The third principle of the charter, and in a sense the most revolutionary, calls for physicians to promote justice in the healthcare system, including a commitment to the fair distribution of healthcare resources. Jewish tradition does not specifically mandate doctors to play this role but certainly this requirement would broadly fall under the responsibility of all citizens to be involved in Tikun Olam (to speak out against injustice, evil, poverty, and to act accordingly) and charitable works. From a Jewish ethical perspective this requirement should be lauded and a healthcare system should be built on these principles.

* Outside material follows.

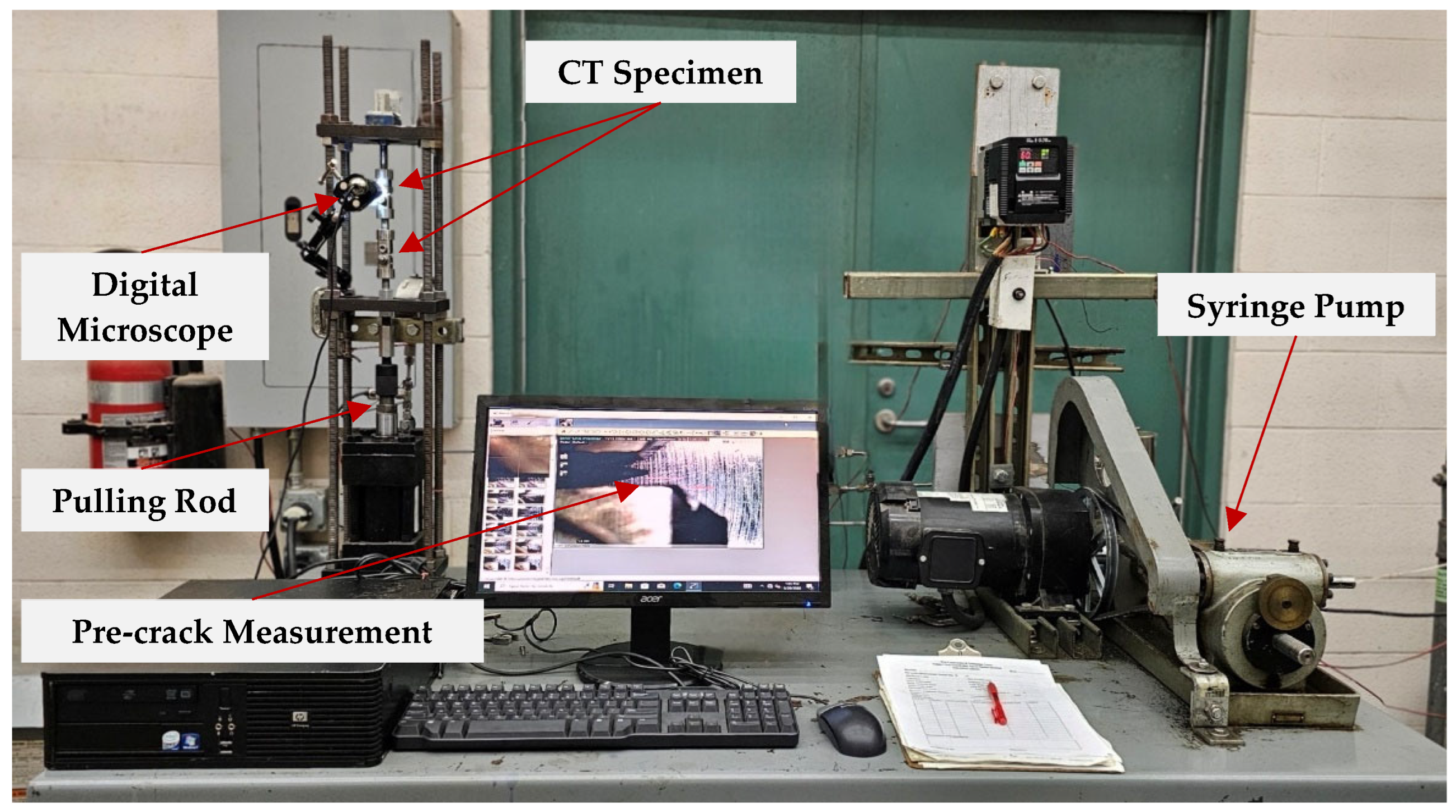 During testing, the syringe pump was used to maintain the average static load on the specimen, while the programmable hydraulic piston pump controlled the minimum and maximum cyclic loads. Fatigue loading was applied for fixed intervals of 30 min at each Kmax, with corresponding ΔK and K values calculated based on specimen geometry, applied force, and compliance, as prescribed by ASTM E647-24 [

Jewish ethicists have addressed the contradiction alluded to previously in the charter between the primacy of patient welfare and the commitment to a just distribution of healthcare resources. Recent authorities have ruled that from a public policy standpoint, in an environment of limited resources, a body politic can decide to limit expenditures to individual patients and instead spend money on health prevention in an attempt to save as many lives as possible.16 According to this position the needs of the community come before the individual and a healthcare system built on the principle of a just distribution of resources would be looked upon favourably.
This brief essay addresses only one community’s response to the physician charter. As the charter is meant to be a universal document we call on other cultures to respond to it and to initiate a global dialogue on the important issues it raises between patients, physicians, ethicists, and religious leaders. The commitment to a fair distribution of limited healthcare resources is not—for example—a local issue and has important global ethical and policy ramifications for both developed and developing countries. In addition, as we have argued, the emphasis on patient autonomy in an international charter needs to be further explored. However, by expressing a universal desire for basic health care and empathetic physicians the charter can also serve as a bridge between divergent societies.